Thanks for that. I've done a lot of work making underwater housings etc and have worked with PVC and epoxy a lot. No sense making something if the Jobo drums are OK though. I read a respected member here mentioning that he doesn't use Jobo drums just pvc tubes in a large drum which I thought would be a lot cheaper and easier to make. The reason I didn't buy a Jobo Processor was due to the weakness of the lift and motor and I thought the ATL was too expensive.


>I think the hardest part of this project is definetly the mechanics.

Sealed bearings are 10 for $20 and the seals $5 each. Off the shelf 5/16" SS shafts 3" in length are $3 each. I would use bearings spaced apart on the side with the drive pulleys and simple bushings on the non drive side. The frame would be aluminum angle with about 2 1/4' strips of cutting board (great material) screwed to it that the bearings and seals would be set into. Anywhere there needs to be a lot of strength material can be removed and replaced with epoxy fiberglass.
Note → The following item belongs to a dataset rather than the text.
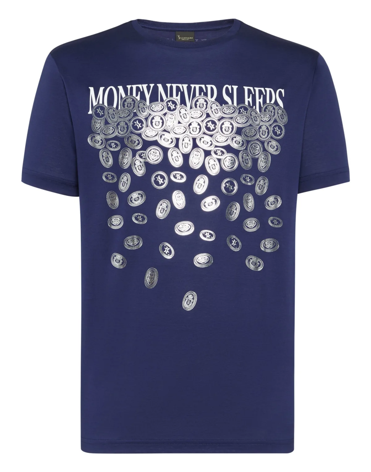 Op de voorkant van dit katoenen T-shirt van jersey staan verschillende gelamineerde munten en de letters van het merk. Op het juk staat een opvallende zin. Ribgebreide halslijn. Manchetten en onderkant gestikt met twee naalden. Twee zijsplitten aan de onderkant.

I still have a lot of thick woven fiberglass matt around which makes casting parts very easy. I need to look at the belts and pulleys more but a 1/2" belt seems fine. The belt length is not critical as the motor mount is easy to make, and it's base can be ajustable.


A couple more days of research is needed for me to decide whether just to make a simple roller system, build a more automatic system or just buy a good used ATL or SSK. The availability and cost of parts will determine a lot. The advantage of homebuilding is the ability to keep the system running for as long as I need it. Finding cheap small pumps to move chemicals may aslo be a big factor.


A simple roller system should be easy to make and I can do some sketches for you if you like. The Jobo drums could have fittings for the roller system fiberglassed to them or the drive shafts could be make with a compatable end for the Jobo.

I have to study things a lot more to see how much time and expense is involved for a more robust system.

Thanks for your input Domaz!